11 mitos sobre el triunfo de Trump

Por María Ramírez y Eduardo Suárez

Donald Trump en la CPAC/Gage Skidmore

Empezamos a cubrir estas elecciones en agosto de 2015. Eduardo fue testigo del primer debate de las primarias republicanas y desde entonces hemos seguido a los candidatos en lugares como Iowa, New Hampshire, Pensilvania, Ohio o Nevada. En enero publicamos este libro sobre el aspirante hispano Marco Rubio y hemos escrito decenas de miles de palabras sobre muchos aspectos de esta carrera presidencial.

A continuación intentamos explicar por qué no son ciertas algunas afirmaciones que hemos visto repetidas muchas veces durante estos últimos días.

1. Nadie vio venir el triunfo de Trump

La carrera estuvo ajustada durante el verano aunque Hillary Clinton fue casi siempre por delante en intención de voto y en preguntas clave como quién está preparado para ser presidente.

Los escándalos de Trump, sus insultos continuos contras las mujeres, los inmigrantes o los periodistas y su falta de conocimiento de los detalles más básicos de las políticas públicas impulsaban la lógica de que un candidato con esas cargas no podría llegar a ser presidente. Pero había datos que alertaban sobre las debilidades de Clinton y que destacaron algunos expertos en campañas. También muchos periodistas que cubrieron la carrera en lugares como Ohio o Pensilvania.

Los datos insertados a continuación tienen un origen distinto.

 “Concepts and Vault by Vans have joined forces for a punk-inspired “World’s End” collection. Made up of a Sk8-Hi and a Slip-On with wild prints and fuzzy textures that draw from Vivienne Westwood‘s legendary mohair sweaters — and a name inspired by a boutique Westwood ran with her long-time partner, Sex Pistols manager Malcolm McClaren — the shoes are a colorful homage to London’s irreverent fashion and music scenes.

Durante la convención demócrata y en medio del entusiasmo de un espectáculo impecable con los políticos más populares del país, una persona relevante dio la voz de alarma. Durante una reunión del caucus negro en Filadelfia, Cornell Belcher, el encuestador de Obama, hizo una presentación muy persuasiva que explicaba por qué la campaña de Clinton se estaba equivocando al perseguir “el unicornio” del voto obrero blanco y no poner más recursos en movilizar a jóvenes, negros e hispanos.

María estaba allí y unas semanas después entrevistó a Belcher justo cuando las encuestas mostraban que Clinton podía arrasar. El encuestador dijo que la candidata podía perder si no ponía más recursos en los grupos demográficos clave, sobre todo en los jóvenes. Dijo que la campaña de Clinton estaba confiando demasiado en que los republicanos no fueran a votar como indicaban entonces las encuestas y que el electorado de Clinton se estaba pareciendo peligrosamente más al de John Kerry en 2004 que al de Barack Obama en 2012. Merece la pena releer la entrevista porque adelanta lo que sucedió después.

En los últimos diez días de las elecciones, la carrera se ajustó. Sobre todo después de la carta del director del FBI alertando sobre la posibilidad de reabrir la investigación sobre sus emails. La advertencia resultó ser una falsa alarma pero quizá fue el empujón que necesitaban miles de republicanos en estados clave que no se habían atrevido a votar por Trump.

Henry Olsen, un profesor de la Universidad de Villanova en Pensilvania, publicó este artículo unas horas antes de la votación augurando que Clinton ganaría la mayoría de los votos pero perdería la suma del colegio electoral. Sus números son exactos.

Otro que avisó incluso con cierto coste personal fue Nate Silver, el experto en encuestas de FiveThirtyEight. En las últimas horas de la campaña se batió contra los que le criticaban. The Huffington Post escribió este artículo contra él pero no fue el único. Al final la actitud escéptica de Silver se vio refrendada unas horas después.

Una de las mejores explicaciones de la división del país y de por qué los demócratas estaban perdiendo terreno en estados clave la dio Alec MacGillis en esta historia publicada a finales de octubre sobre el abandono del Medio Oeste por parte de los jóvenes más educados.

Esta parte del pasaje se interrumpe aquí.